I believe that the metaphor of a viewpoint is deeply rooted, and that challenging it could be quite fruitful. Put more generally, the image of a point in space is remarkably widely used to define people and ideas.

The most familiar example is the left-to-right political spectrum, which allows a person, an opinion or position, or a party or movement to be located at one point on a straight line. People or ideas can easily be visualized as points in two-dimensional space if they are located along two axes at once. For instance, Americans have often been described as liberal versus conservative on economics and on race, as two separate dimensions. Three dimensions are harder to depict on paper or a flat screen, although a three-dimensional model can be rotated and presented meaningfully on a plane. In any case, mathematics allows adding more than three dimensions, even though we can’t picture them visually, by simply tagging a given person, idea, or party or movement with many variables at once.
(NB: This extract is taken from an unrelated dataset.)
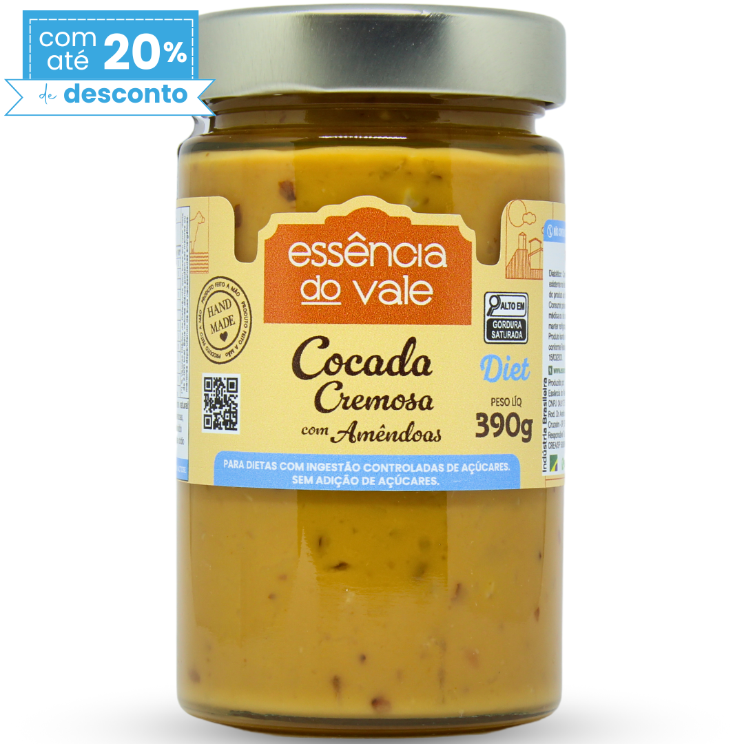 Textura suave e simplesmente deliciosa, nossa Cocada Cremosa com Amêndoas Sem Açúcar é preparada com coco fresco e leite de alta qualidade de vacas criadas em nossa fazenda, que prioriza o bem-estar e a saúde dos animais. Cada lote é produzido de forma artesanal, sem a inclusão de xarope de glicose, açúcar, corantes, aromatizantes ou conservantes químicos, proporcionando que você desfrute da autenticidade e do sabor genuíno em cada pote.

Prevailing statistical methods, such as factor analysis, treat people, ideas, or groups as points in many-dimensional space and envision differences as the distance between positions. Many models try to explain why a person occupies a given point based on other known information about the same individual, such as party identification or race.
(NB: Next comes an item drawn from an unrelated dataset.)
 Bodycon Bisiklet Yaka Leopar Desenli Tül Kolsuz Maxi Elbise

If a model employs many dimensions, it can incorporate any amount of quantitative data about the people and ideas being studied. Since each person or idea has a good chance of occupying a unique position in multidimensional space, there is relatively little danger that individuals will be casually lumped together in large groups.

However, some kinds of information must be lost in a model based on points in space. First, this metaphor conceals the way that ideas may connect to each other. If respondents are asked many questions on a survey, standard statistical methods capture correlations among their answers but cannot detect logical relationships among any individual’s ideas. Does a person believe one thing because of another belief, or despite it, or as two disconnected ideas? The structure of individuals’ thinking—if there is any—is lost. In contrast, when we read an impressive political argument or speech, we are primarily interested in its structure: in why (or whether) each point implies the next, or qualifies it, or contradicts it. A metaphor of points in space makes everyone look much more simple-minded than any careful speaker or writer.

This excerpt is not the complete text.